- _What is required_: Print the listing below only from the line that has "5) Déposer quelques" through the line that has "Skechers Herren Low", exactly, and drop any picture.

== Data extract ==

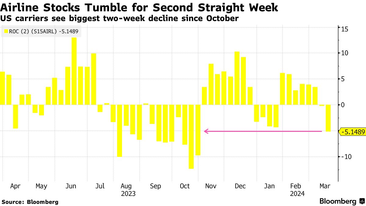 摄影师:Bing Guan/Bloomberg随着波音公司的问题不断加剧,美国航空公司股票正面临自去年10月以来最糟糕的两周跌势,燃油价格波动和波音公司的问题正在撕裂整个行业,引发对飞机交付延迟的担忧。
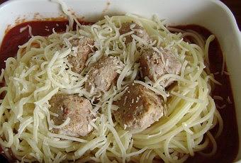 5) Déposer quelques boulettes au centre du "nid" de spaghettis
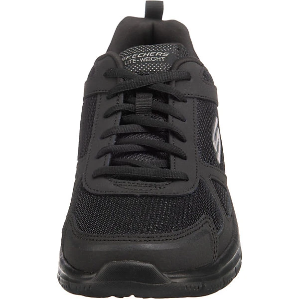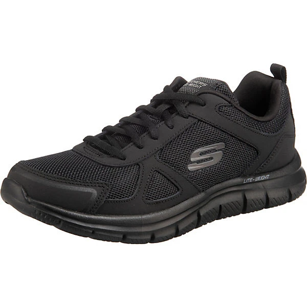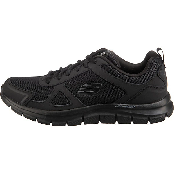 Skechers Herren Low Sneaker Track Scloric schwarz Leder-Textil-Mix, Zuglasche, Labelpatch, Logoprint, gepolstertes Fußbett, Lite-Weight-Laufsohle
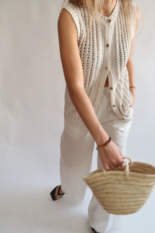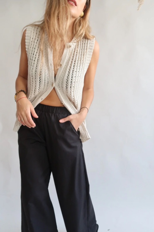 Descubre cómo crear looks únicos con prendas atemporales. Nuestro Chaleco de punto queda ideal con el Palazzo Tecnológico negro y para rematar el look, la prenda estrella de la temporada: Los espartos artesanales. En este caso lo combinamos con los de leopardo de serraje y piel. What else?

===

- _Output for this task_:
 5) Déposer quelques boulettes au centre du "nid" de spaghettis
 Skechers Herren Low Sneaker Track Scloric schwarz Leder-Textil-Mix, Zuglasche, Labelpatch, Logoprint, gepolstertes Fußbett, Lite-Weight-Laufsohle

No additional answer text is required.